Source material: Begin

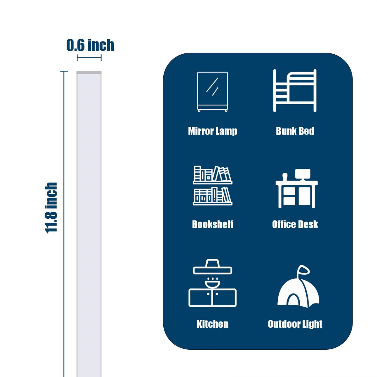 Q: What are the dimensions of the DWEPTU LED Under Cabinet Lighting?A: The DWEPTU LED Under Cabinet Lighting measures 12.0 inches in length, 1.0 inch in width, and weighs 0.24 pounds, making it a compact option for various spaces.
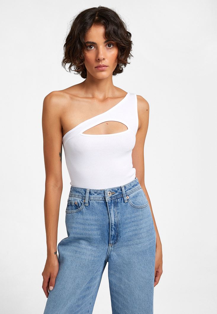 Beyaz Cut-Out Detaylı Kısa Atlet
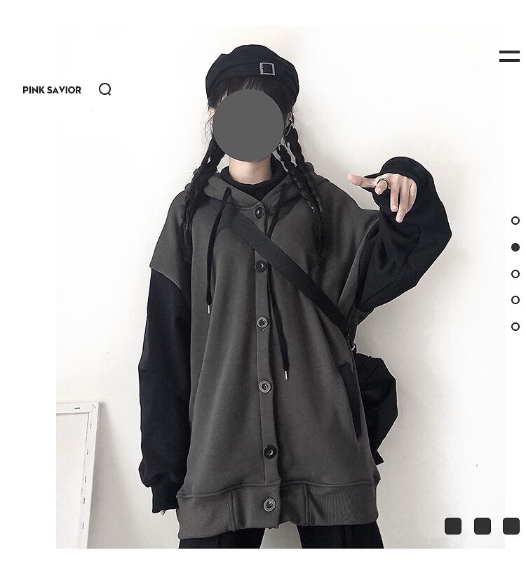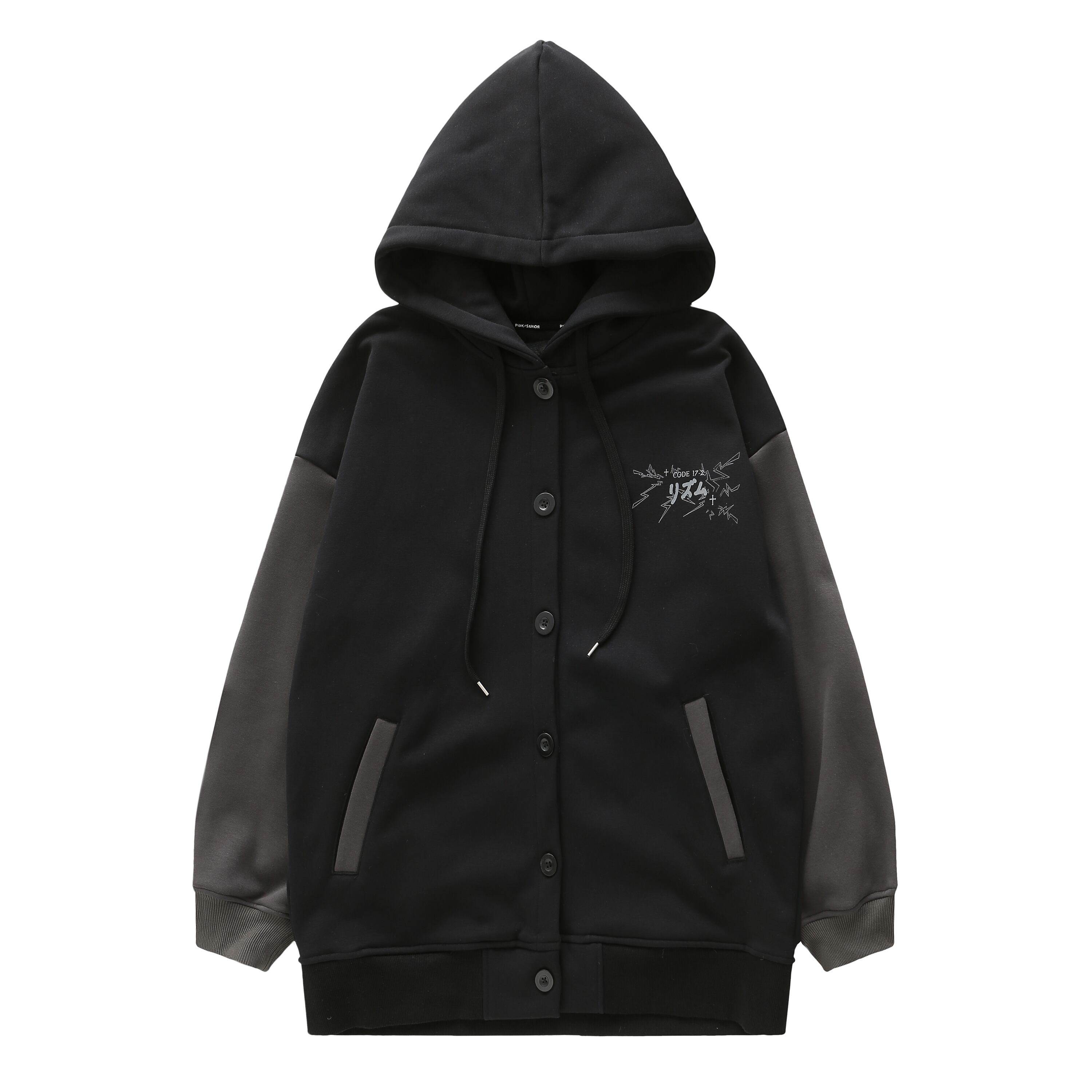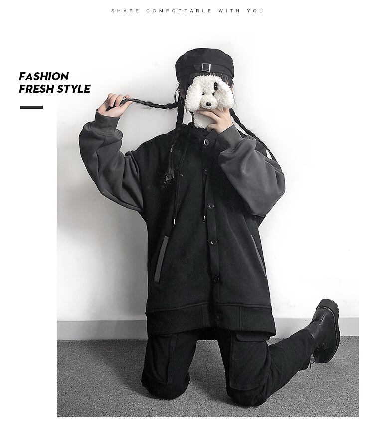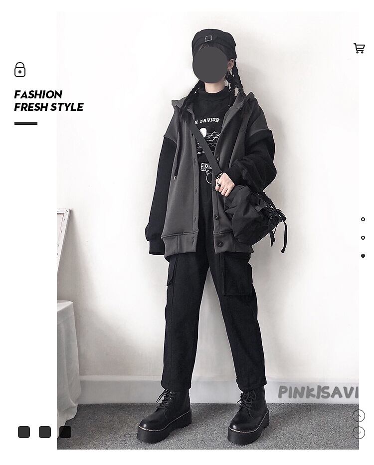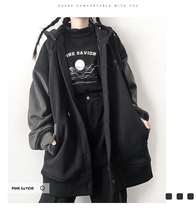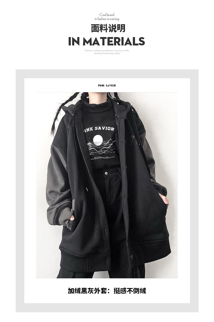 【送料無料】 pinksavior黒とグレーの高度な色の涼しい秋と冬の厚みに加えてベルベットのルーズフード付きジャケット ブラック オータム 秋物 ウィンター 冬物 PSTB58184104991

Source material: End

**Assigned task**. Only the lines from the line holding "Beyaz Cut-Out Detaylı Kısa Atlet" through the last line above belong in the answer, repeated exactly; the pictures do not.

**Exercise solution**.
 Beyaz Cut-Out Detaylı Kısa Atlet
 【送料無料】 pinksavior黒とグレーの高度な色の涼しい秋と冬の厚みに加えてベルベットのルーズフード付きジャケット ブラック オータム 秋物 ウィンター 冬物 PSTB58184104991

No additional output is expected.